- Born: Kathleen Martuza 1979 or 1980 (age 46–47) Boston, Massachusetts
- Occupation: Ballet dancer
- Career
- Current group: Oregon Ballet Theatre

= Kathi Martuza =

American ballet dancer

Kathi Martuza is an American former professional ballet dancer who was a principal dancer with the Oregon Ballet Theatre. She previously danced with the San Francisco Ballet for six years and is also known as Kathleen Martuza.

==Early life and education==
Born in Boston, Martuza started her ballet training at the age of 12 at the Lexington School of Ballet in Massachusetts. After moving to Maryland with her family, she continued with Maryland Youth Ballet in Bethesda. She spent two summers with the Houston Ballet Academy and one summer at the American Ballet Theatre School.
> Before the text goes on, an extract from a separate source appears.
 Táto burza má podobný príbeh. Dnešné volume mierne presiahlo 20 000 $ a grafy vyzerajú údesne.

While a senior in high school, she took a master class with Betsy Erickson of the San Francisco Ballet and turned down an apprenticeship with the company in order to complete high school in Maryland.

==Career==
Martuza joined the San Francisco Ballet at the age of 17 in 1997. She was a member of SFB's corps de ballet (as Kathleen Martuza) until 2003.

Martuza joined Oregon Ballet Theatre in 2003 and was ranked principal dancer in 2007, the year when OBT ranked its dancers for the first time. She has had roles created for her by choreographers such as Mark Morris, James Kudelka, Christopher Stowell, Julia Adam, and Yuri Possokhov.
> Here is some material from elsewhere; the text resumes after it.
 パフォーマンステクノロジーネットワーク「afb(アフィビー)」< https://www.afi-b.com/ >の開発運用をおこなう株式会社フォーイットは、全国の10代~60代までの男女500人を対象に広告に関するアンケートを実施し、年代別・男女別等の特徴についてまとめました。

In 2005, Martuza was named one of "25 to Watch" by Dance Magazine. She was also featured on the cover October/November 2007 issue of Pointe magazine.
Martuza started teaching ballet at Da Vinci Arts Middle School in Portland, Oregon, in September 2013, and is currently teaching there now.

==Personal life==
In June 2003, Martuza married Kester Cotton, whom she met while both were dancing with the San Francisco Ballet. Her husband, who also danced with OBT from 2003 through 2006, is now a Doctor of Physical Therapy and a consulting staff member at Oregon Ballet Theatre School. Martuza and Cotton have a son, Roy, born October 2011.